Acclaimed U.S. Film Director Peter Bogdanovich Dies at Age 82

Acclaimed American film director Peter Bogdanovich died of natural causes on Jan. 6 at the age of 82, his daughter Antonia said.

Film director Francis Ford Coppola said in a statement to Deadline that he was “devastated” by the news of Bogdavonich’s death.

“He was a wonderful and great artist… May he sleep in bliss for eternity, enjoying the thrill of our applause forever,” Coppola said.

Bogdanovich, known for 1970s classics such as “Paper Moon,” started out as an assistant to director Roger Corman, who later gave him support to make his first full-fledged feature film, “Targets,” in 1968.

In 1971, Bogdanovich made “The Last Picture Show,” which earned eight Oscar nominations and won two awards. It made $29 million from a $1.3 million budget, becoming a surprise commercial hit.

The following year, Bogdanovich made screwball comedy, “What’s Up, Doc?”

“What’s Up, Doc?” became the third highest grossing film of 1972 and the American Film Institute later included it in its list of 100 greatest comedies of all time.

In 1973, Bogdanovich made “Paper Moon,” which earned Tatum O’Neal an Oscar for best supporting actress, becoming the youngest person ever to win a competitive Academy Award.
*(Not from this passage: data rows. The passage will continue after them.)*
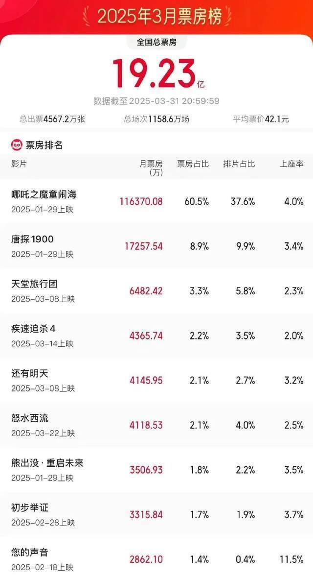 精致完了春节假期的3月,总票房19.23亿,《哪吒之魔童闹海》一部11.6亿。3月的终末一天,《哪吒之魔童闹海》664万,较单日12.3亿峰值,已不行同日而谈。其余上映的新片《疾速追杀4》、《好意思国队长4》、《白雪公主》等轮替填旋,3月票房榜齐够不着,头部断层严重。
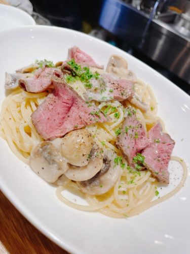 クリームパスタなんてローストビーフが、、すごすぎます!ホタテもマッシュルームもたっぷり入っています!これで1000円しません!びっくり!
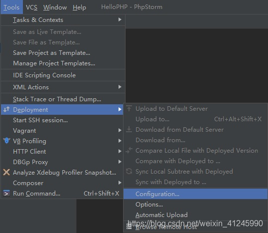 我們點(diǎn)擊“工具/部署/配置”菜單進(jìn)行本地服務(wù)配置
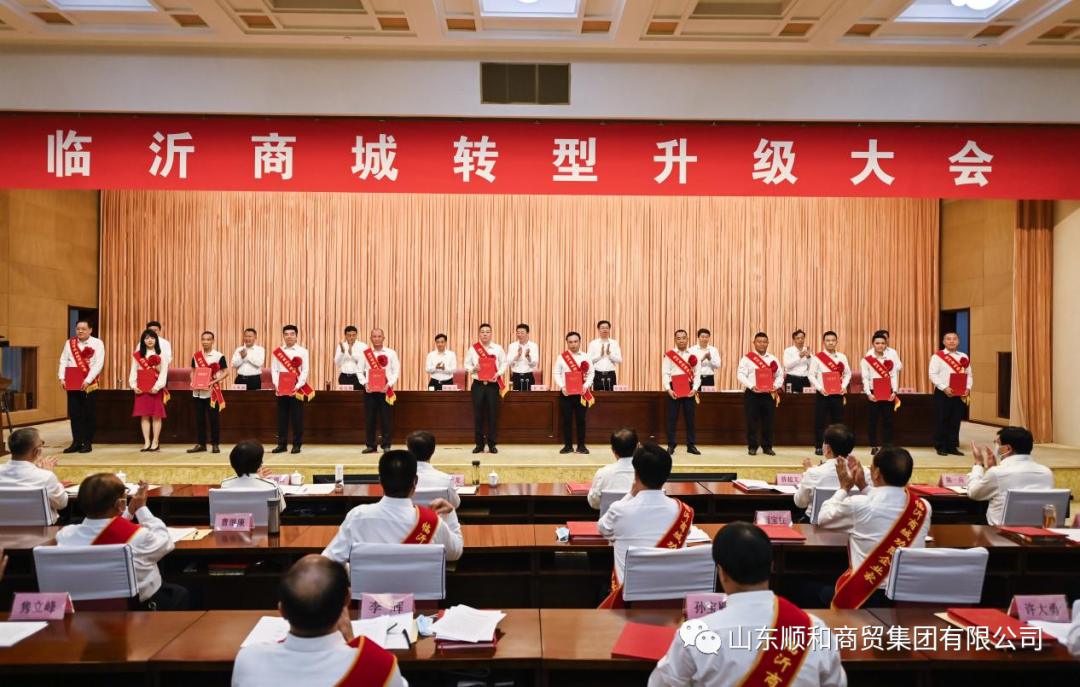 5月20日上午,臨沂商城轉(zhuǎn)型升級(jí)大會(huì)隆重召開,市委書記任剛出席會(huì)議并講話,市委副書記、市長(zhǎng)侯曉濱主持會(huì)議,市人大常委會(huì)主任崔鳳友,市委副書記、宣傳部部長(zhǎng)張寶亮等出席會(huì)議。 大會(huì)現(xiàn)場(chǎng),集團(tuán)黨委書記趙玉璽被授予“臨沂商城功勛企業(yè)家”榮譽(yù)稱號(hào);集團(tuán)黨委副書記、董事長(zhǎng)許大勇被授予“臨沂商城杰出企業(yè)家”榮譽(yù)稱號(hào)。頒獎(jiǎng)儀式結(jié)束后,集團(tuán)黨委書記趙玉璽作為企業(yè)代表上臺(tái)發(fā)言分享,向與會(huì)人員介紹了順和集團(tuán)在現(xiàn)代物流和直播電商方面做出的工作與下一步發(fā)展計(jì)劃,受到與會(huì)人員的高度肯定。
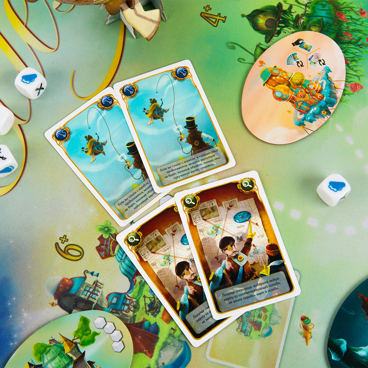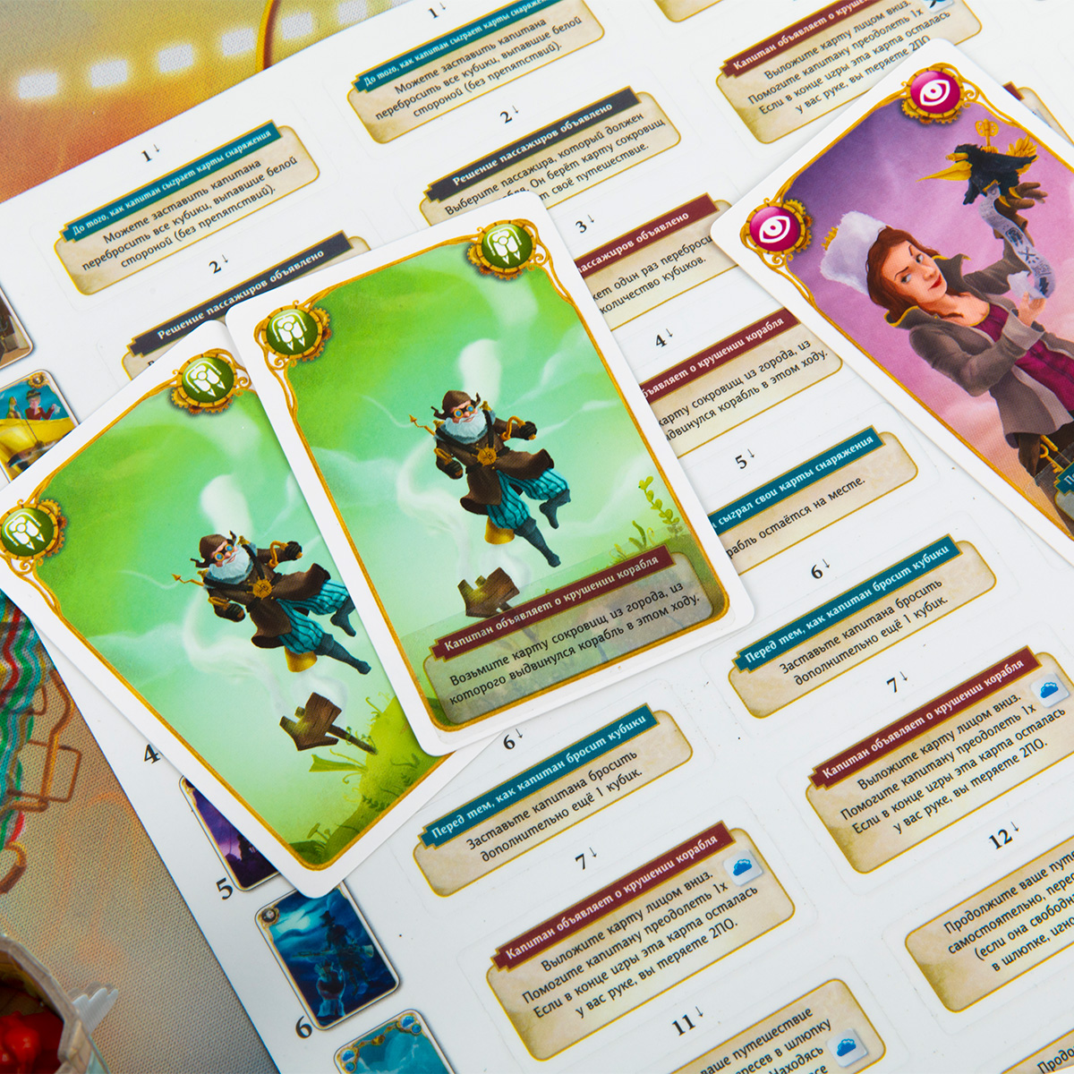 3. Если кто-то из пассажиров считает, что капитан не справится с задачей, он вынимает из корабля фигурку Искателя приключения своего цвета и переставляет ее на свой жетон. Оставшиеся в городе игроки берут верхние карты Сокровищ из соответствующей колоды.

Bogdanovich released his last narrative film, “She’s Funny That Way,” in 2014.

In 2018, Bogdanovich made his final film, “The Great Buster: A Celebration.”

Bogdanovich also wrote several books about films, including “Who the Devil Made It: Conversations with Legendary Film Directors.”

Bogdanovich also appeared on the small screen, playing the recurring role of a smug psychotherapist on HBO’s “The Sopranos.”

Bogdanovich is survived by his two children Antonia and Sashy.